There is simply no escape from “circumstances existing already, given and transmitted from the past.” As Americans, deep down underneath, we dream of escape to a new frontier where we can begin all over again, or that we were by some means “chosen,” and so feel ourselves outside of the contours of history. Escape, departure, specialness, uniqueness, and the rejection of history are essential to American Exceptionalism. Instead, we should use our “given and transmitted” history and culture to, “conjure up the spirits of the past,” for a purpose: “of magnifying the given task in the imagination,” “of finding once more the spirit of revolution.”

In order to achieve a true “revolution of values,” Martin Luther King counseled that Americans would have to build upon the spirit and promise of our revolutionary forbearers “to make democracy real and to follow through on the revolutions that we initiated.”[3] King recognized that we don’t need to invent this revolutionary spirit from scratch, we only need to recapture something once lost:

“The Western nations that initiated so much of the revolutionary spirit of the modern world have now become the arch anti-revolutionaries…..Our only hope today lies in our ability to recapture the revolutionary spirit and go out into a sometimes hostile world declaring eternal opposition to poverty, racism and militarism. With this powerful commitment we shall boldly challenge the status quo and unjust mores and thereby speed the day when “every valley shall be exalted, and every mountain and hill shall be made low: and the crooked shall be made straight and the rough places plain.[ 4 ]

By using the ideas of transformation and reconstruction we can better envision the process of historical change as the play between continuity and discontinuity or between tradition and innovation.

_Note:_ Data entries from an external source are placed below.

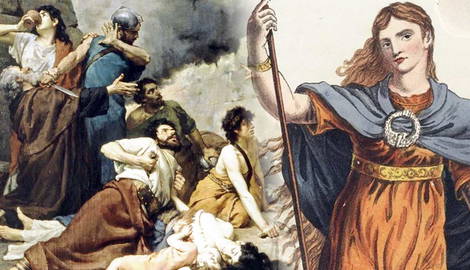 Another significant conflict between Romans and Celts was marked by the rebellion mounted by Boudica, queen of the Iceni tribe in Britain. The conflict began after Boudica’s husband, King Prasutagus, who had surrendered to Rome after Emperor Claudius launched an invasion of Britain in 43 CE, died. Prasutagus had left his kingdom to both his daughters and the Roman emperor in his will, but the imperial procurator Decanius Catus seized his entire estate. Boudica and her daughters were then lashed and violated, and the upper class and nobility of the Iceni were disenfranchised.
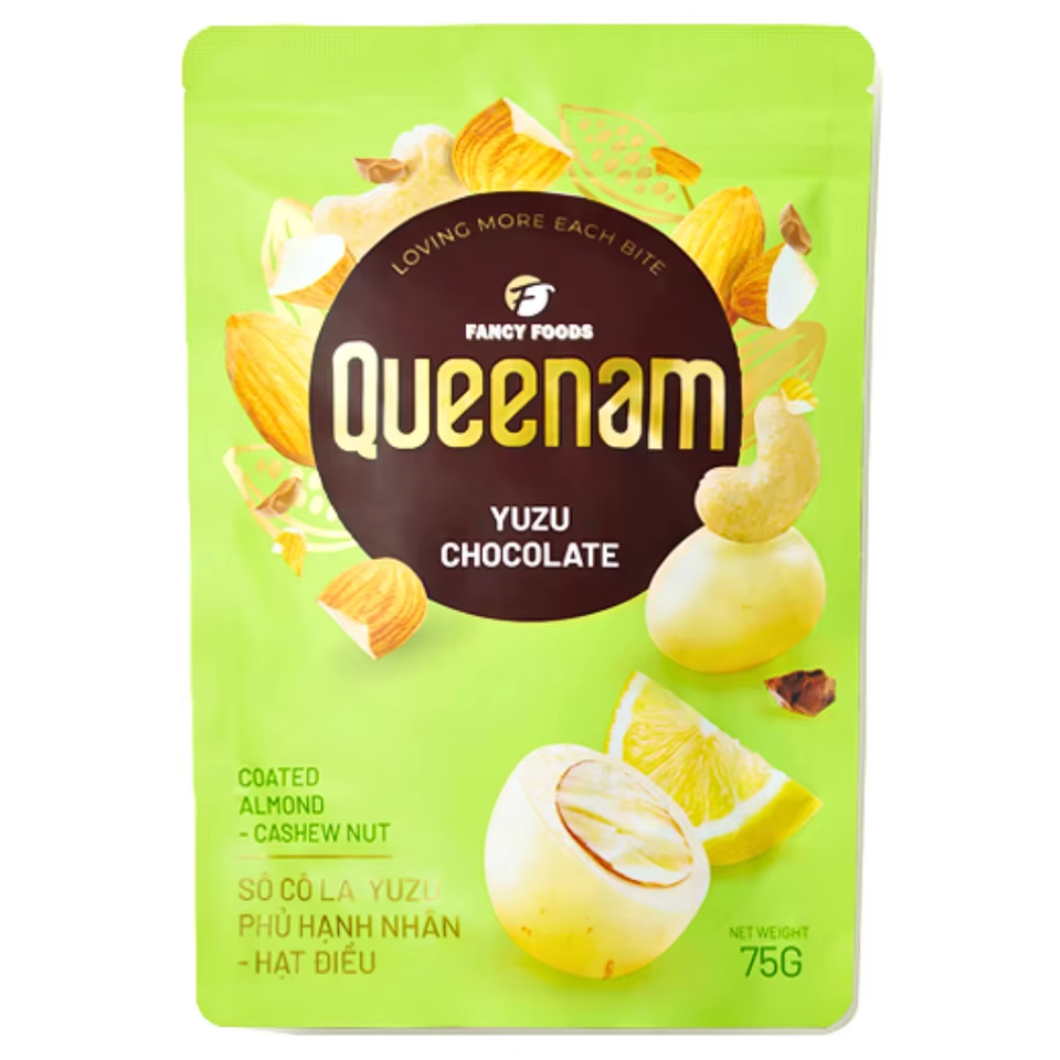 Contenu :Amandes, noix de cajou et macadamias enrobées de chocolat au yuzu
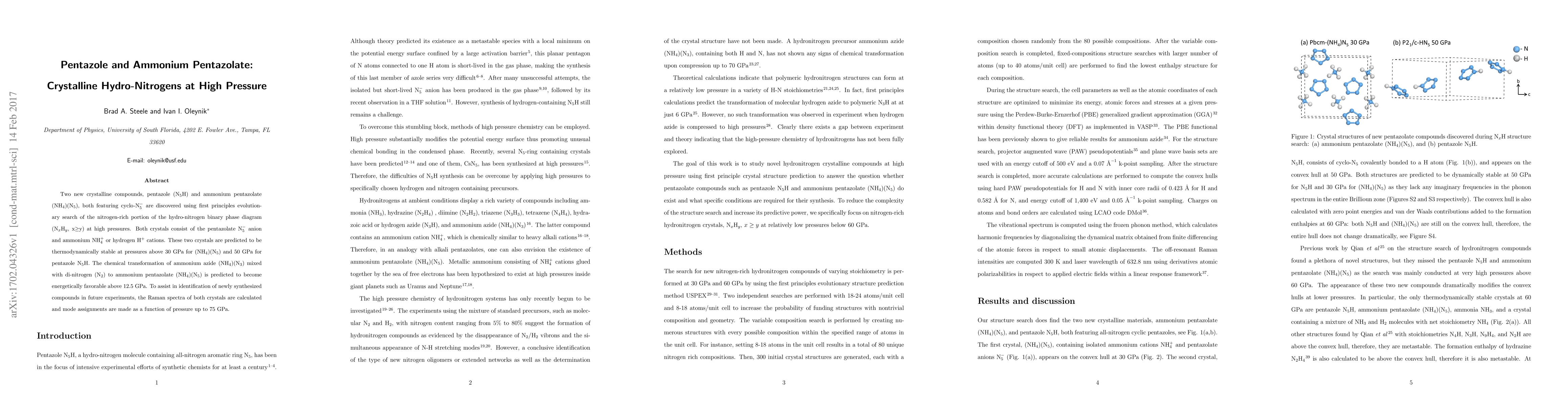 Two new crystalline compounds, pentazole (N_{5}H) and ammonium pentazolate (NH_{4})(N_{5}), both featuring cyclo-{\rm N_{5}^{-}} are discovered using first principles evolutionary search of the nitrogen-rich portion of the hydro-nitrogen binary phase diagram (N_{x}H_{y}, x\geqy) at high pressures. Both crystals consist of the pentazolate N_{5}^{-} anion and ammonium NH_{4}^{+} or hydrogen H^{+} cations. These two crystals are predicted to be thermodynamically stable at pressures above 30 GPa for (NH_{4})(N_{5}) and 50 GPa for pentazole N_{5}H. The chemical transformation of ammonium azide (NH_{4})(N_{3}) mixed with di-nitrogen (N_{2}) to ammonium pentazolate (NH_{4})(N_{5}) is predicted to become energetically favorable above 12.5 GPa. To assist in identification of newly synthesized compounds in future experiments, the Raman spectra of both crystals are calculated and mode assignments are made as a function of pressure up to 75 GPa.
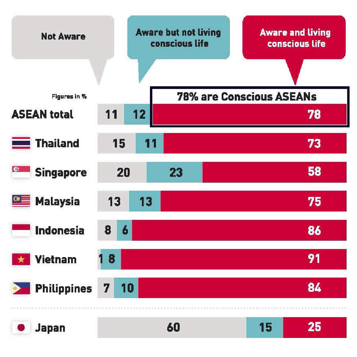 คนอาเซียนประมาณร้อยละ 90 รู้จักคำว่า Conscious Lifestyle หรือวิถีชีวิตที่ใส่ใจสังคม-สิ่งแวดล้อม และเกือบร้อยละ 80 นำความใส่ใจสังคมและสิ่งแวดล้อมมาปฏิบัติจริงในการดำเนินชีวิตประจำวัน
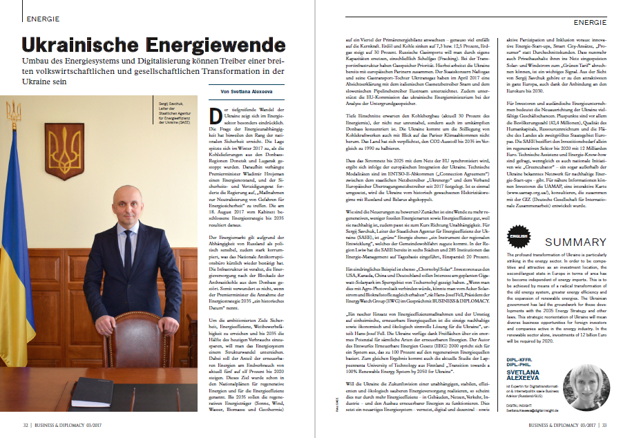 Більше інформації про те, яку роль відіграє розвиток «чистої» енергетики та сфери енергоефективності у новій енергетичній стратегії України, читайте у статті «Ukrainische Energiewende» журналу «Business & Diplomacy»: https://old.saee.gov.ua/sites/default/files/Ukrainische_Energiewende_Sv.Alexeeva_BD_3_2017.pdf
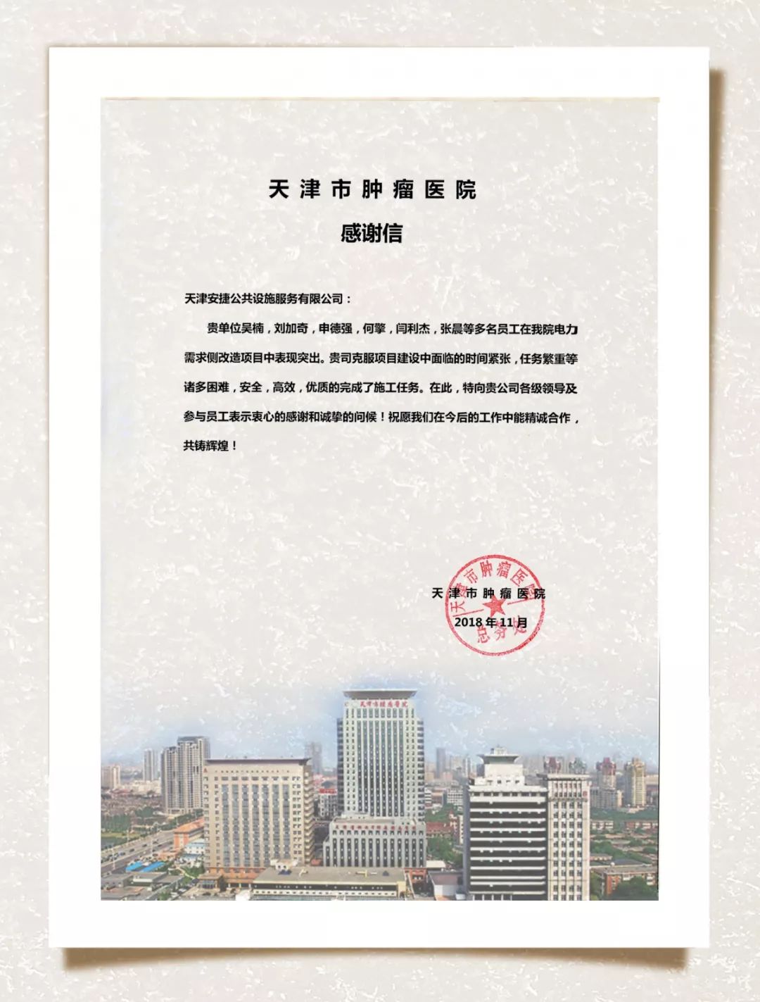 为确保项目在短时间内改造完成,同时具备科学性、专业性、合理性。安捷的工作人员利用起每分每秒,甚至连续四天工作到凌晨四点钟。项目的完成离不开前线人员加班加点的工作,同时也离不开各部门积极配合,各级领导的大力支持。完工验收会上,天津市肿瘤医院各级领导对安捷交付的工作成果非常满意,对安捷工作人员的专业态度及敬业精神表达了高度的赞扬。

At the heart of the last American revolution, a movement of Vietnam-era soldiers and veterans opposed war and empire. Lead by patriotic volunteers they became “new winter soldiers” that remade and transformed the citizen-solder ideal. The anti-war soldier became the contemporary reenactment of a revolutionary figure created in the American Revolution and Civil War. The transformation ran so deep, it founded a permanent movement of military dissent. Vietnam Veterans Against the War, Iraq Veterans Against the War, Veterans for Peace, GI Rights Network, Military Families Speak Out, Votevets, the heroic stand of Chelsea Manning, and the insightful anti-imperialism of intellectuals like Andrew Bacevich and Danny Sjursen continue the revolution of the Sixties.

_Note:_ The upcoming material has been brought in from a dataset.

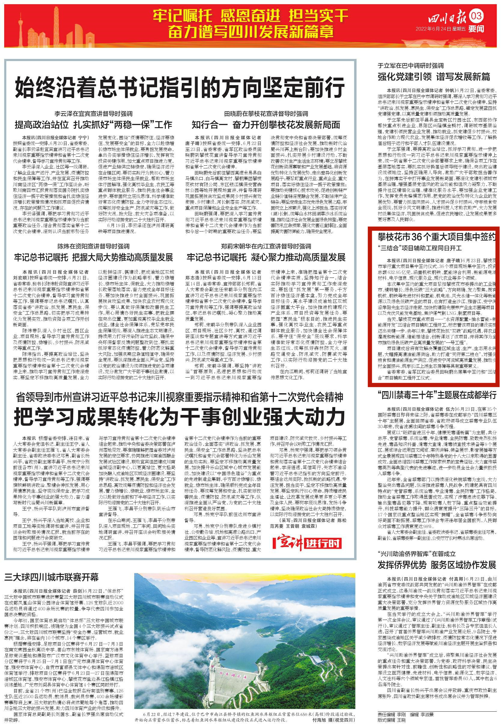 6月23日,攀枝花市举行重大项目集中签约仪式。36个项目现场集中签约,投资总额632.95亿元,涵盖钒钛钢铁、氢能综合利用、新能源电池材料、电子信息、现代服务业、现代农业等多个领域。
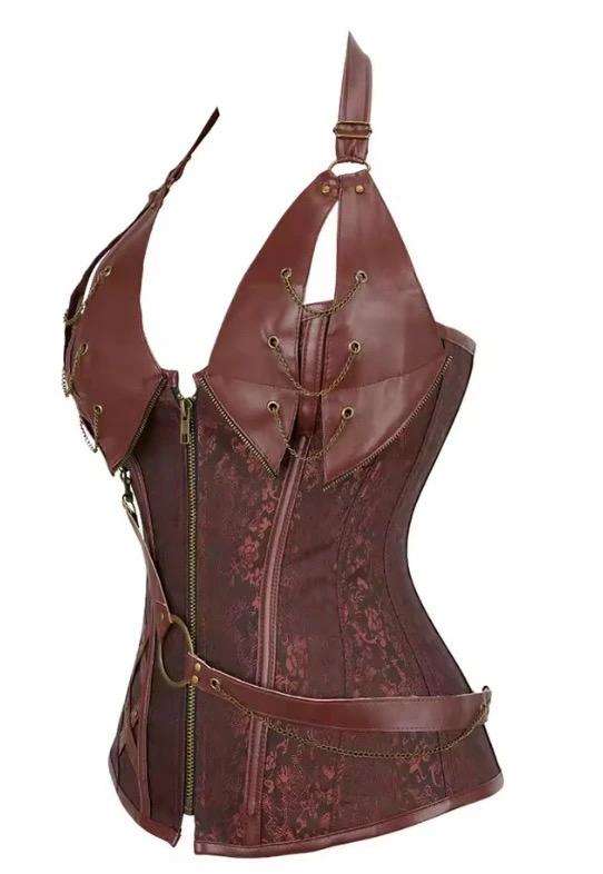 OEM & ODM Gothic Waist Trainer Steel Boned Shapers Front Busk Zip Closure Breathable Woven Bustier Modesty Panels Eyelet Laces

We should set our sights so high.

Not some nagging residue that must be overcome, cultural and historical traditions instead represent the inevitable grounds on which social change occurs and the raw materials from which new consciousness is constructed. Revolutions succeed when new, more inclusive and compelling versions of worn-out traditions take root by assuming the latent power and liberating vision of some frayed but classic ideal. [ 5 ]

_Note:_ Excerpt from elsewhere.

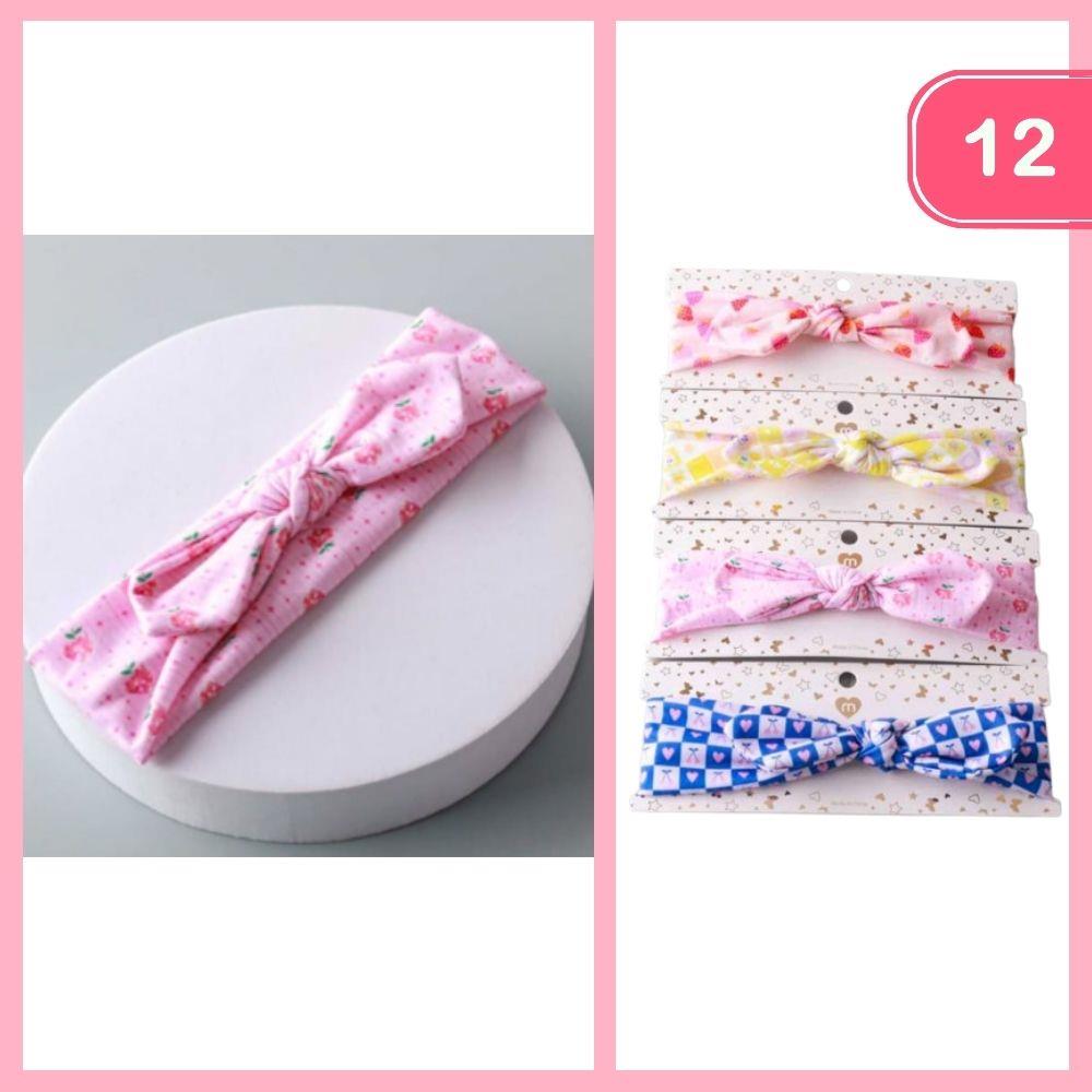 CUTE HEART CHERRY BOW SILK LIKE KNOTTED HEADBAND (12 UNITS)
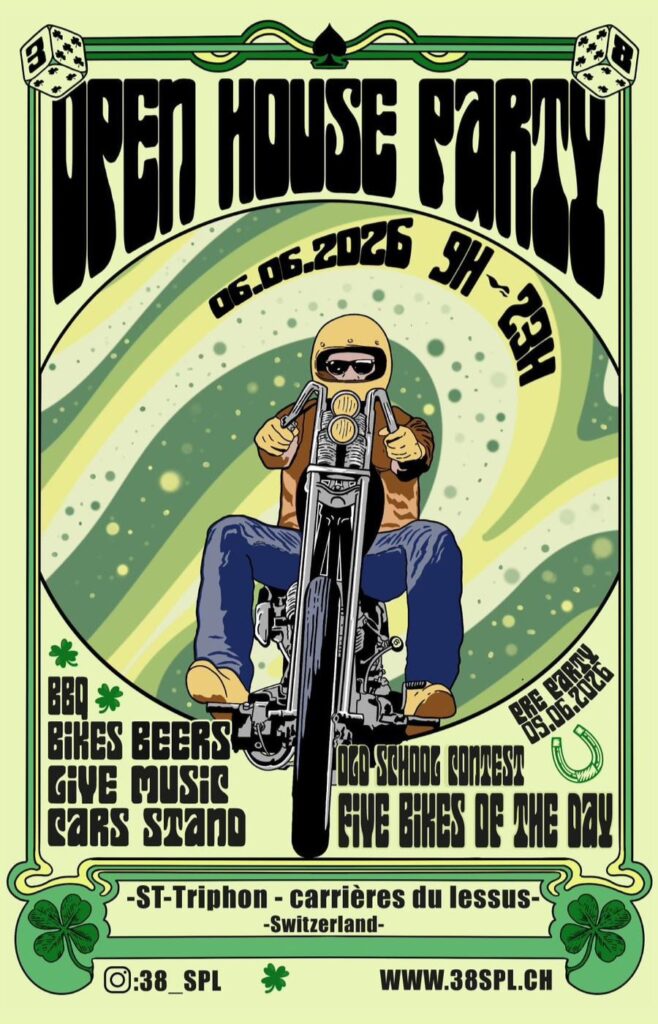 Sans affiliation aucune, notre Team s’étoffe en personnages et en choppers de même sang. L’odeur du métal chauffé à la meule, de l’huile brûlante, de l’air des campagnes, du tabac et les sonorités qui vont avec, nous enivrent et nous poussent de plus en plus dans les fondements de la Kustom Kulture. Le tout saupoudré d’un zeste de Rock & Roll savamment dosé.

How will we know revolution when we see it? When old things are made new again revolution is in the air. It’s the “re-” in “revolution.”

The experimental approach of the inside/outside strategy, alertness to transformation/reconstruction as the mode of revolutionary change,  universal values as a rhetorical framework and political ideal, and the recognition that our ideals and strategies must, of necessity, speak to a hundred million people and more, are four parts of a work in progress.

To make the changes we must make, we need to create a working theory of revolution. Perhaps “How Do We Organize a Hundred Million” is a beginning. You be the judge.


[ 1 ] Martin Luther King, Where do We go From Here?

[ 2 ] Karl Marx, The Eighteenth Brumaire of Louis Napoleon, 1852.

[ 3 ] Martin Luther King, Where Do We Go From Here?

[ 4 ] Martin Luther King, Where Do We Go From Here?

[ 5 ] Richard Moser, The World the Sixties Made p.44.